AUGUSTA – With a tall wooden Trojan horse standing outside the State House – meant to symbolize lawmakers’ attempt to sneak something by voters – a legislative committee voted Wednesday to create a referendum that would allow legislators to stay in office longer.

The Legal and Veterans Affairs Committee voted unanimously to combine several pieces of legislation on term limits into one bill. If that bill passes, voters will be asked in November 2006 if they want to change the number of consecutive years legislators may serve from 8 to 12.

If voters say yes, the more generous limits would apply “to no one currently in the building,” said Kenneth Gagnon, D-Waterville, the committee’s Senate chairman. “It’ll only take effect for those elected in 2006.”

Gagnon said his committee didn’t want the referendum decided this November because it’s an off-election year. “We want a bigger turnout.”

Even if voters approve the referendum question, the legislation says the existing six-year limit on the length of time a lawmaker may stay in either of the two top leadership positions will remain, which means no one could be House speaker or Senate president more than six years, Gagnon said.

Outside the State House, term limits defenders pulled a 12-foot wooden horse into the parking lot, featuring signs that read “Stop Trojan Horse Politicians” and “Don’t Touch Term Limits.”

Any time legislators try to change term limits, “they’re going against the will of the people,” said Scott Tillman of the national Don’t Touch Term Limits organization. Just as the Trojan horse “was a foot in the door in Troy for the Greeks, all these bills are Trojan horse bills,” Tillman said.

The group’s spokesman was former Maine Senate President Richard Bennett, R-Norway, who complained of a “pattern of legislators not listening to the people of Maine.”

It’s time for legislators to listen, he said. “Term limits came from the people. … If we want to change term limits, we will. In the meantime, don’t touch term limits,” Bennett warned.

Other term limit supporters attending were Auburn City Councilor Belinda Gerry; former Rep. Stavros Mendros, R-Lewiston; Rep. Robert Berube, R-Lisbon; and Rep. Phil Cressey, R-Cornish.

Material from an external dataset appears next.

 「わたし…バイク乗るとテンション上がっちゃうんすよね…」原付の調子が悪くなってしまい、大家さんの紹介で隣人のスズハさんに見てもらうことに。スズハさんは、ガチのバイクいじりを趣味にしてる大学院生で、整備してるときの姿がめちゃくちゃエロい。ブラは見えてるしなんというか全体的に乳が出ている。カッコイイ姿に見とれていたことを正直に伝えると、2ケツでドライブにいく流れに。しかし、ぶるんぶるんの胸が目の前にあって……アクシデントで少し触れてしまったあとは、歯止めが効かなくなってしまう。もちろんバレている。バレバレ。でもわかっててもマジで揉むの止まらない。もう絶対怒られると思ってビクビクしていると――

Bennett said that when he was first elected in 1990 he was ambivalent about term limits. But soon it was clear “that power was held in the iron grip of a few longest-serving members,” and he became a staunch supporter.

In 1993 Maine voters overwhelmingly voted for term limits in a citizen-initiated referendum. It is not a failure of term limits that the Legislature has done “a less than ideal job integrating the experience of many into policy-making,” Bennett said.

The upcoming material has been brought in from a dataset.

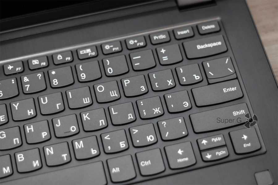 Клавиатура выполнена в классическом для Lenovo виде под названием AccuType. Компоновка клавиш неплотная, поэтому риск ошибочного нажатия невелик. Кнопки квадратные, внизу закругленные, маркировка белая. Не обошлось без подсветки, поэтому печатать можно в условиях плохого освещения или его отсутствия. Клавиши нажимаются без усилий, с негромким щелчком. У них средний ход и отличная отдача. Раскладка стандартная, не требует привыкания. Кнопка однорядная, обе – крупные, так же, как и , . Набирать текст удобно, руки не устают даже после целого рабочего дня. Еще один плюс – всегда прохладная рабочая зона. Единственный минус: это кнопки со стрелками «вверх» и «вниз»: их сделали какими-то чересчур узкими, так что порой вместо одной нажимаешь другую, а иногда — обе сразу. Гладкий тачпад крупного размера имеет четкие границы, поэтому его легко найти вслепую. Сенсорная панель имеет поддержку multi-touch, и это значит, что мышка вам может и не пригодиться. Двумя пальцами можно прокручивать страницы вверх и вниз, тремя — открывать окошко запущенных программ. Правее от тачпада расположен сканер отпечатка пальца, который защищает данные на устройстве от посторонних глаз.

“Term limits takes all the blame for all of legislative dysfunction, but that criticism is unfair. We have failed to reform the legislative process to accommodate” term limits, he said, adding that the only opposition to term limits has come from career legislators and their supporters.

Sen. Ethan Strimling, D-Portland, disagreed, saying term limits “has taken democracy out” of politics in Maine, that “term limits limits voters’ choices and limits experience in this building.”

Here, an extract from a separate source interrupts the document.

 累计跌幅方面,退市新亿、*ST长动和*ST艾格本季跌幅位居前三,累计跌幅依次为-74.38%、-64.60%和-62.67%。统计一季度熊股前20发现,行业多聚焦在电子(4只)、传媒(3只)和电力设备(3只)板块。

While Strimling’s effort this session to totally repeal term limits was rejected, he approved of the committee’s decision to extend term limits to 12 years, calling that an improvement.

Bennett disagreed. “They ought to keep their hands off of it.” While lawmakers only have to vote to send something to referendum, “average citizens have to gather 55,000 signatures,” Bennett said.

His group will continue to monitor votes and try to persuade lawmakers not to tinker with the law, Bennett said. If that doesn’t work and there is a referendum, “we will be part of that debate,” he added.